[YOUR GOAL] Below are several records. Retype exactly those lines running from the one with "从名字和产品页面的风格来看,宇宙视频是定" through the one with "เส้นทางจาก รพ.สต.ไปยังสถานที่กักตัว เริ่มจากถนนค่อนข้างสะดวกสบาย", end lines included, and no others.

[PROVIDED ENTRIES]
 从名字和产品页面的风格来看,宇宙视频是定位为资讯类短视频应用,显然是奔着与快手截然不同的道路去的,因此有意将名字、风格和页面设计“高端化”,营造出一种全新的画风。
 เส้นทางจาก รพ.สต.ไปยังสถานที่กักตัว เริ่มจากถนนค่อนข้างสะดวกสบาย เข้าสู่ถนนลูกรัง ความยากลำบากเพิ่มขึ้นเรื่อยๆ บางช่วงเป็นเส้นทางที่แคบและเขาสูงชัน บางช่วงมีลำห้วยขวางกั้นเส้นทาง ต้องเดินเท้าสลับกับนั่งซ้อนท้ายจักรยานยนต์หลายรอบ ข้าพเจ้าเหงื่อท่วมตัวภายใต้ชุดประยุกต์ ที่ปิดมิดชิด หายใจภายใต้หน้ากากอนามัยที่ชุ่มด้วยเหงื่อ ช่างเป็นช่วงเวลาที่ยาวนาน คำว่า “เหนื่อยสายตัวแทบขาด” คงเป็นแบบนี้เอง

...

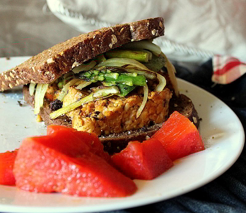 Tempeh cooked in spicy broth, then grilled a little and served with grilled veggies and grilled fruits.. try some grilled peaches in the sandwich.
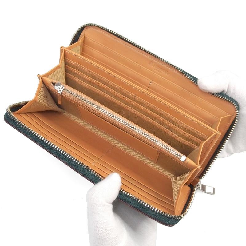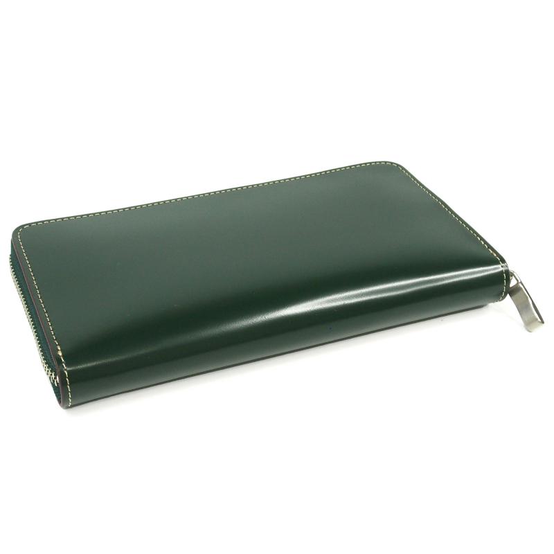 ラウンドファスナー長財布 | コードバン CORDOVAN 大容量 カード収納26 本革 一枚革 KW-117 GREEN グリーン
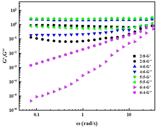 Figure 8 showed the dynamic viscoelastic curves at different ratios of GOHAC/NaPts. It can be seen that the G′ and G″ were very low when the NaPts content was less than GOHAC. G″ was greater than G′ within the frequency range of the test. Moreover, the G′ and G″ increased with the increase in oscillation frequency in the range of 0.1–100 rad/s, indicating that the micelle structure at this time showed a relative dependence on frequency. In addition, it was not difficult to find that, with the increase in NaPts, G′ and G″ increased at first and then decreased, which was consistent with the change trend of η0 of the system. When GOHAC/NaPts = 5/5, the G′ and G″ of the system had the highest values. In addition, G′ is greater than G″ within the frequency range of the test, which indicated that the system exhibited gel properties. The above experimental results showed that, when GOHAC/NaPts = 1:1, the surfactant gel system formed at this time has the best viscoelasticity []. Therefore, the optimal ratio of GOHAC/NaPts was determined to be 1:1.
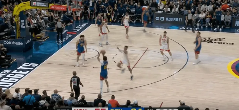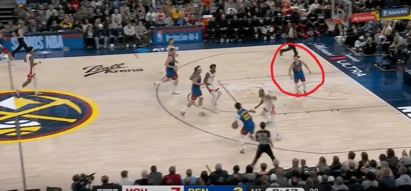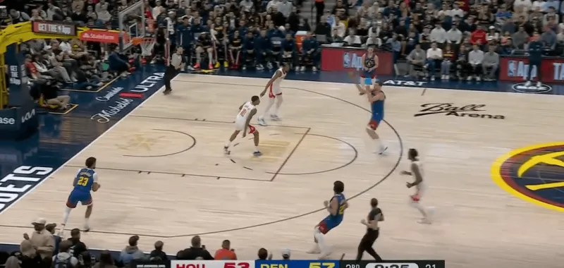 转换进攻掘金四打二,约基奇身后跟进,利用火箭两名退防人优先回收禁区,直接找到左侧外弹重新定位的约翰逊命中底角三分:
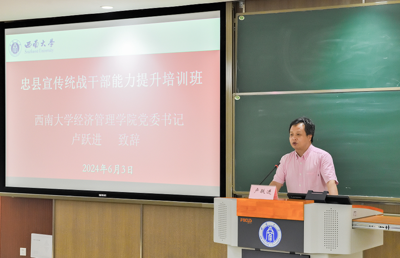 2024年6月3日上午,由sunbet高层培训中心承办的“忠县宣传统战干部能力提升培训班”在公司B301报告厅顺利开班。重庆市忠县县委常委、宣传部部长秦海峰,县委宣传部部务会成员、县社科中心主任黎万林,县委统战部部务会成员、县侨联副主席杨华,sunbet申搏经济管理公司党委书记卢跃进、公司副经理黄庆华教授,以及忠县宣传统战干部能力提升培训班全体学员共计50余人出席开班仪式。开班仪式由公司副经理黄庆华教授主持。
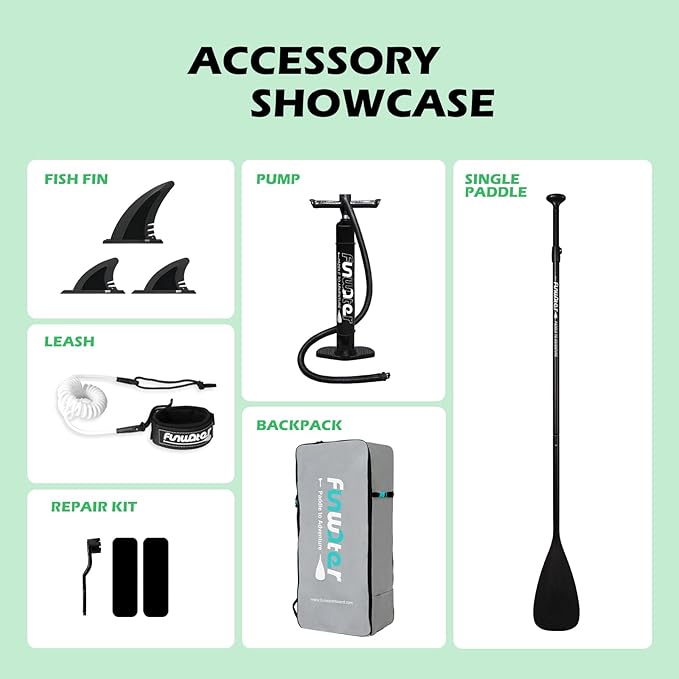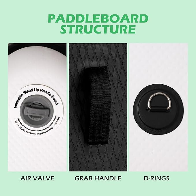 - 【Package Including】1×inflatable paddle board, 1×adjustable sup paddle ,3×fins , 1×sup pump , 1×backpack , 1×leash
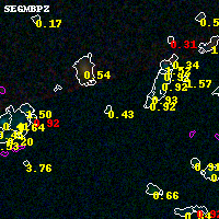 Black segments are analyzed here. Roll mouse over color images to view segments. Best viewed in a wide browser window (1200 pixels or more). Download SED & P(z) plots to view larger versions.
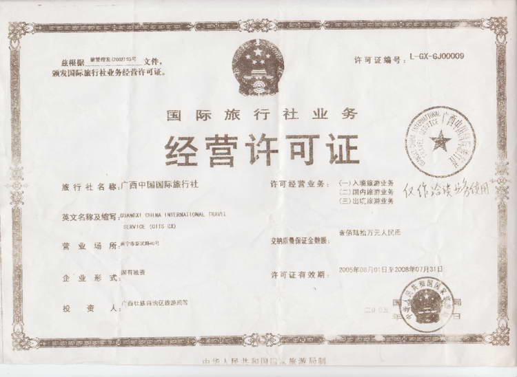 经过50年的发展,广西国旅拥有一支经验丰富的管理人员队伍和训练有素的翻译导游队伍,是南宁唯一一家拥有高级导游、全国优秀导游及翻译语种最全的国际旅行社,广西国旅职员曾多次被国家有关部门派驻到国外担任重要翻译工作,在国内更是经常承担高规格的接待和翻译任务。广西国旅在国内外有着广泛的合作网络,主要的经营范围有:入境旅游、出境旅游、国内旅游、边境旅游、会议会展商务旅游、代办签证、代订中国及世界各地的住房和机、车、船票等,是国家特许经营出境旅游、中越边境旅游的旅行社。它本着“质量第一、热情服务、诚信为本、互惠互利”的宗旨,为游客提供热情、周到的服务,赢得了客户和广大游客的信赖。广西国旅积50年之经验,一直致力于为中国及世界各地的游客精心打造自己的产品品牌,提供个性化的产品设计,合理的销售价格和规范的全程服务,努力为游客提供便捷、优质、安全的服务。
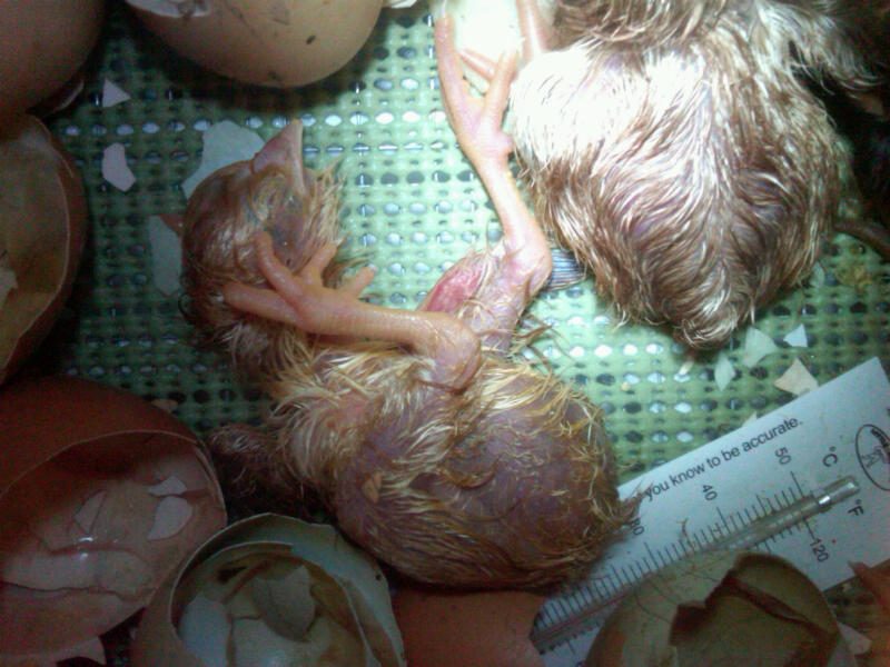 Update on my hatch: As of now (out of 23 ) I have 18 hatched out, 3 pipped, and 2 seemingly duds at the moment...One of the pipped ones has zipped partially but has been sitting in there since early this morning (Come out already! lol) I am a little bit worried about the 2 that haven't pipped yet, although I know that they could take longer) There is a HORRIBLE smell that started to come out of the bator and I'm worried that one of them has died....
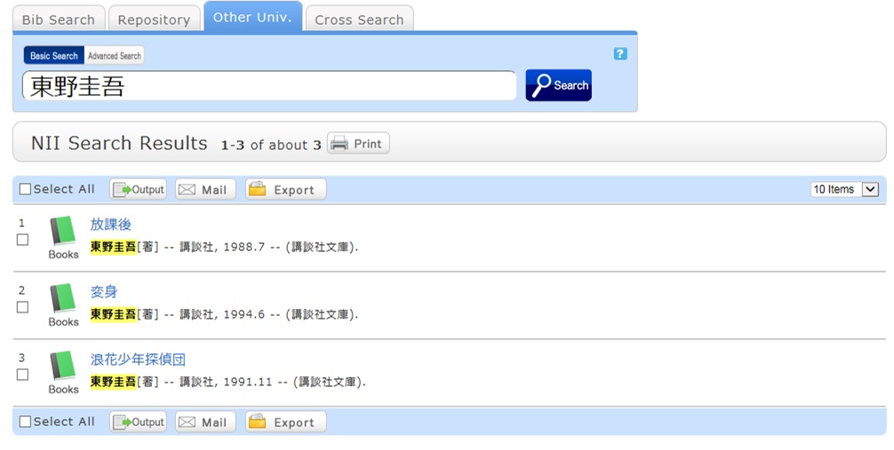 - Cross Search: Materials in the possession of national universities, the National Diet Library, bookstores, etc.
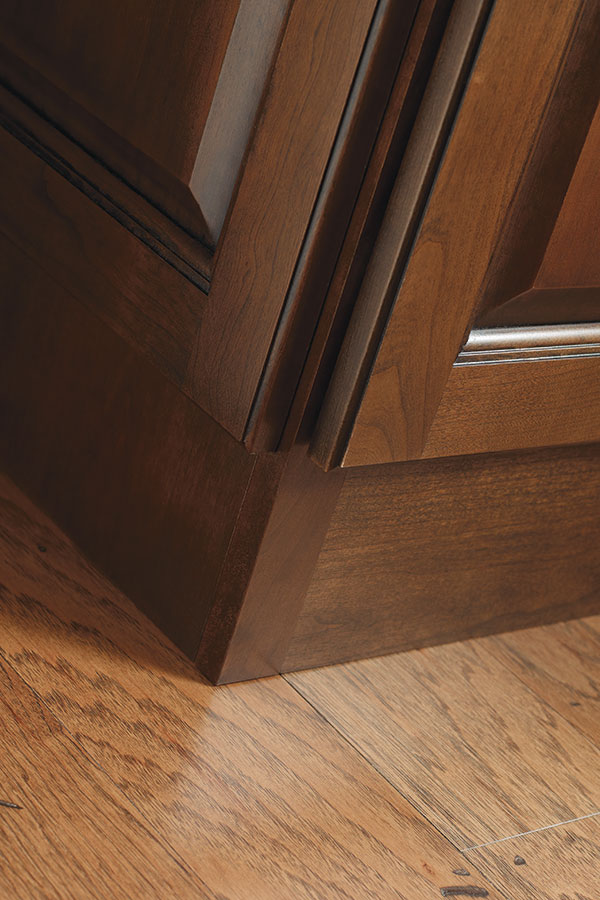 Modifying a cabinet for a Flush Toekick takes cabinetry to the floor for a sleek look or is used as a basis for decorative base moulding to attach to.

[TASK ANSWER]
 从名字和产品页面的风格来看,宇宙视频是定位为资讯类短视频应用,显然是奔着与快手截然不同的道路去的,因此有意将名字、风格和页面设计“高端化”,营造出一种全新的画风。
 เส้นทางจาก รพ.สต.ไปยังสถานที่กักตัว เริ่มจากถนนค่อนข้างสะดวกสบาย เข้าสู่ถนนลูกรัง ความยากลำบากเพิ่มขึ้นเรื่อยๆ บางช่วงเป็นเส้นทางที่แคบและเขาสูงชัน บางช่วงมีลำห้วยขวางกั้นเส้นทาง ต้องเดินเท้าสลับกับนั่งซ้อนท้ายจักรยานยนต์หลายรอบ ข้าพเจ้าเหงื่อท่วมตัวภายใต้ชุดประยุกต์ ที่ปิดมิดชิด หายใจภายใต้หน้ากากอนามัยที่ชุ่มด้วยเหงื่อ ช่างเป็นช่วงเวลาที่ยาวนาน คำว่า “เหนื่อยสายตัวแทบขาด” คงเป็นแบบนี้เอง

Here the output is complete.